Suïcidepreventie van globaal tot lokaal: wat zegt het WHO-wereldrapport over suïcidepreventie?

Karl Andriessen

| Tijdschrift Klinische Psychologie, 2015, 45(1), 4-8 |

Tien september is de Werelddag van de Suïcidepreventie.1 Deze dag werd enkele jaren geleden
in het leven geroepen door de World Health Organization (WHO) in samenwerking met de
International Association for Suicide Prevention (IASP). De werelddag van 20142 staat geboekstaafd
als de dag waarop de WHO het wereldrapport over suïcidepreventie voorstelde: Preventing
suicide: A global imperative (WHO, 2014).

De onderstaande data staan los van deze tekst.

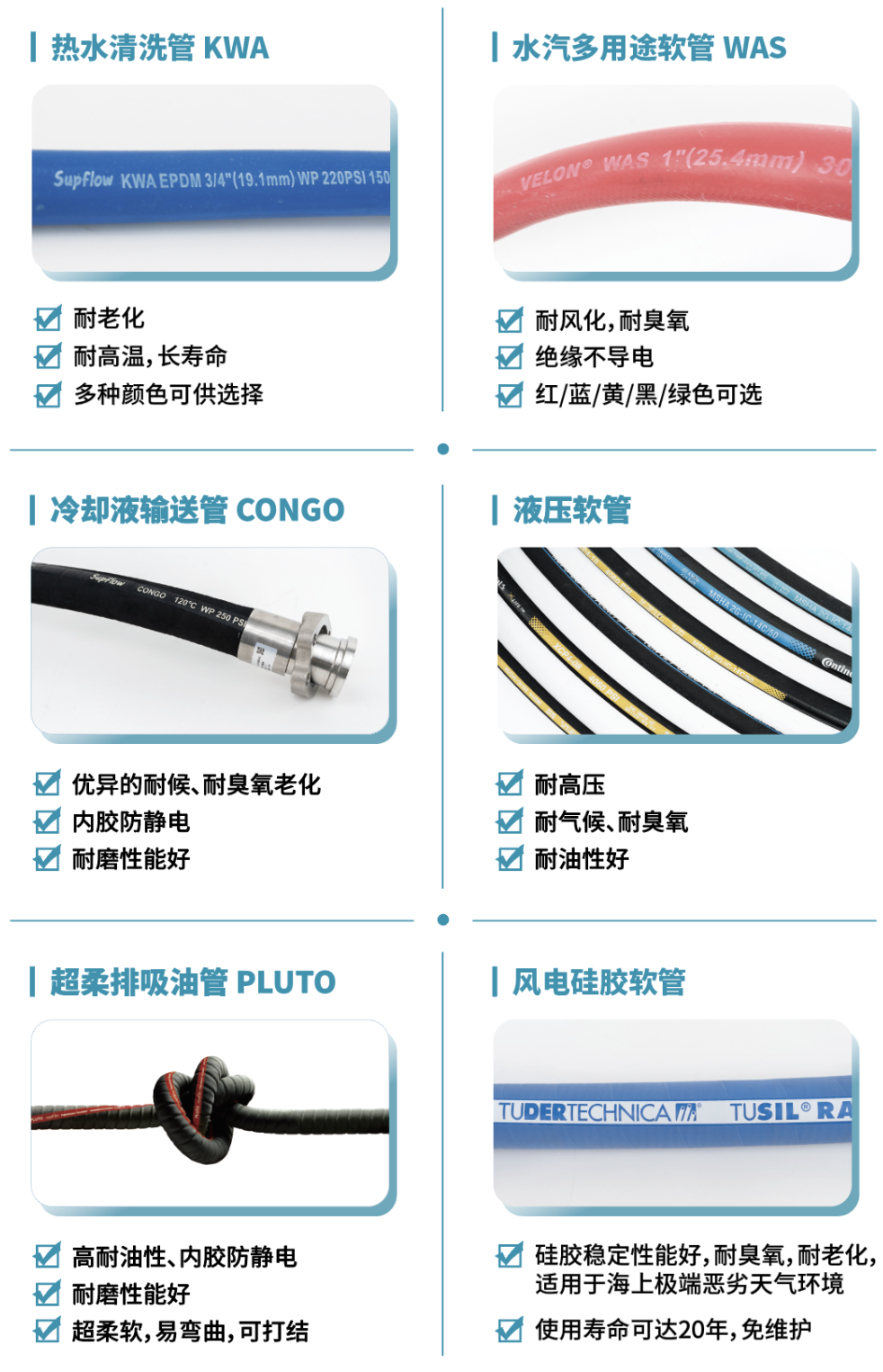 可提供满足各大船级社认证要求的液压软管总成,软管经过严格的压力测试和热油冲洗出厂;还有适用于风电发电机冷却系统中的防冻液输送以及风机中的乙二醇冷却等应用场景的排吸软管;还可以提供易弯曲,可打结,内胶可防静电的超柔油管等。
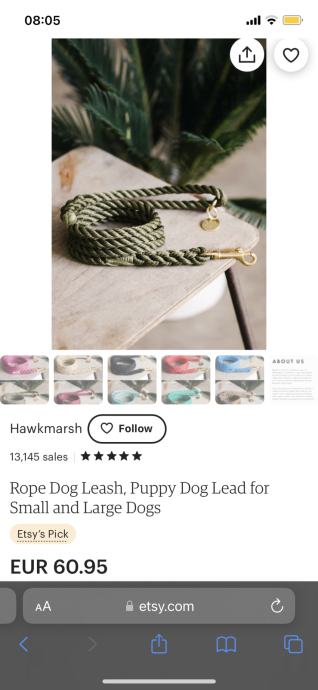 Prodam popolnoma nova vrvnata povodca dolžine 117 cm.
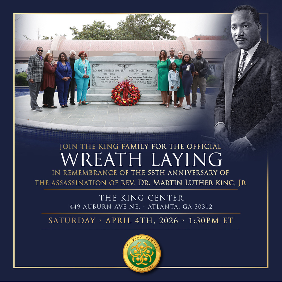 Join the King Family for the official wreath laying ceremony in remembrance of the 58th Anniversary of the Assassination of Rev. Dr. Martin Luther King, Jr. This annual gathering invites the community to stand together in reflection, gratitude, and renewed commitment to Dr. King’s enduring legacy of justice, nonviolence, and Beloved Community. Held on the historic grounds of The King Center, this moment of remembrance offers space to honor the past while inspiring the work that still lies ahead.
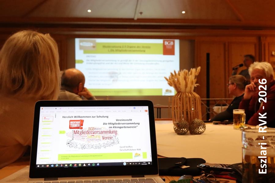 Schulung des Regionalverbandes Vogtländischer Kleingärtner e.V. Diesmal: Die Mitgliederversammlung Zum Ende des Monats, und pünktlich zum Frühlingsanfang, erfolgte eine erneute Schulung des RVK, mittlerweile traditionsgemäß im Panoramarestaurant im Möbelhaus Biller. Da sehr viele Mitgliedsvereine eine Jahreshauptversammlung im Frühjahr abhalten, ist das Schulungsthema umso passender. Unser Geschäftsführer, Gerd Steffen, ging dabei intensiv auf die verschiedensten Themen ein: Wie wird die Mitgliederversammlung vorbereitet? Wie wird denn eingeladen? Reicht ein Aushang im Schaukasten? Welche Struktur und Tagesordnungspunkte sind denn wichtig? Welche Fristen müssen denn eingehalten werden? Wie setzt sich der Vorstand zusammen und was ist denn bei Wahlen zu beachten? Welche Beschlüsse werden wie gefasst und wie viele Mitglieder braucht es denn für einen Beschluss? Das alles war sehr spannend zu verfolgen und viele Fragen konnten geklärt werden wobei eins immer wieder hervorsticht: All die Fragen lassen sich oftmals schon durch einen Blick in die Bibel des Vereines, in die Betriebsanleitung des Vereinslebens, beantworten: Die Satzung! So individuell wie die über 170 Vereine des RVK sind, so individuell sind eben auch deren Satzungen. Somit sind pauschale Aussagen zu bestimmten Fragen kaum möglich ohne den Inhalt der Satzung zu kennen. Mit ihr legt sich der Verein auf was er denn wie handhaben darf, was der Satzungszweck ist, ob es Vereinsstrafen gibt, ob Umlagen erhoben werden können und in welcher Höhe. Aufmerksam verfolgte über 50 Vertreter der Vereine die Präsenzschulung wobei ein Erkenntnissgewinn so manchem Gesicht anzusehen war. Natürlich bekommen, wie gewohnt, alle Teilnehmer die Präsentation und entsprechendes Zusatzmaterial übermittelt, ergänzend mit dem Hinweis dass ein Großteil von benötigtem Arbeitsmaterial im internen Bereich auf der Homepage bereitsteht. Nach gut 1,5 Stunden Schulung und intensivem Erfahrungsaustausch können die Vorstände und Vereinsvertreter der Kleingartenvereine mit dem frisch gewonnen Wissen nun ihre eigene Mitgliederversammlung entsprechend angehen.

Gedurende de voorbije decennia heeft de WHO wel
vaker initiatieven genomen of gesteund met betrekking tot suïcidepreventie, denk bijvoorbeeld
aan Suicide Prevention (SUPRE) en het SUPRE-MISS-project3 (Multisite Intervention Study on
Suicidal Behaviours) waaruit onder andere de bekende ‘blauwe boekjes’ met aanbevelingen
voor huisartsen, hulpverleners, schoolpersoneel, gevangenissen, enzovoort zijn voortgekomen4;
de WHO/EURO Multicentre Study on Suicidal Behaviour, een grootschalige studie op
verschillende locaties (onder andere in Gent) over suïcidepogingen (De Leo, Bille-Brahe, Kerkhof,
& Schmidtke, 2004; Schmidtke, Bille-Brahe, De Leo, & Kerkhof, 2004); of het wereldrapport
over geweld en gezondheid (Krug, Dahlberg, Mercy, Zwi, & Lozano, 2002). Dat de WHO,
die zich primair bekommert om gezondheid, voor het eerst een zwaarwichtig document opstelt
over een gedrag, kan zonder meer als een mijlpaal worden beschouwd (De Leo, 2014).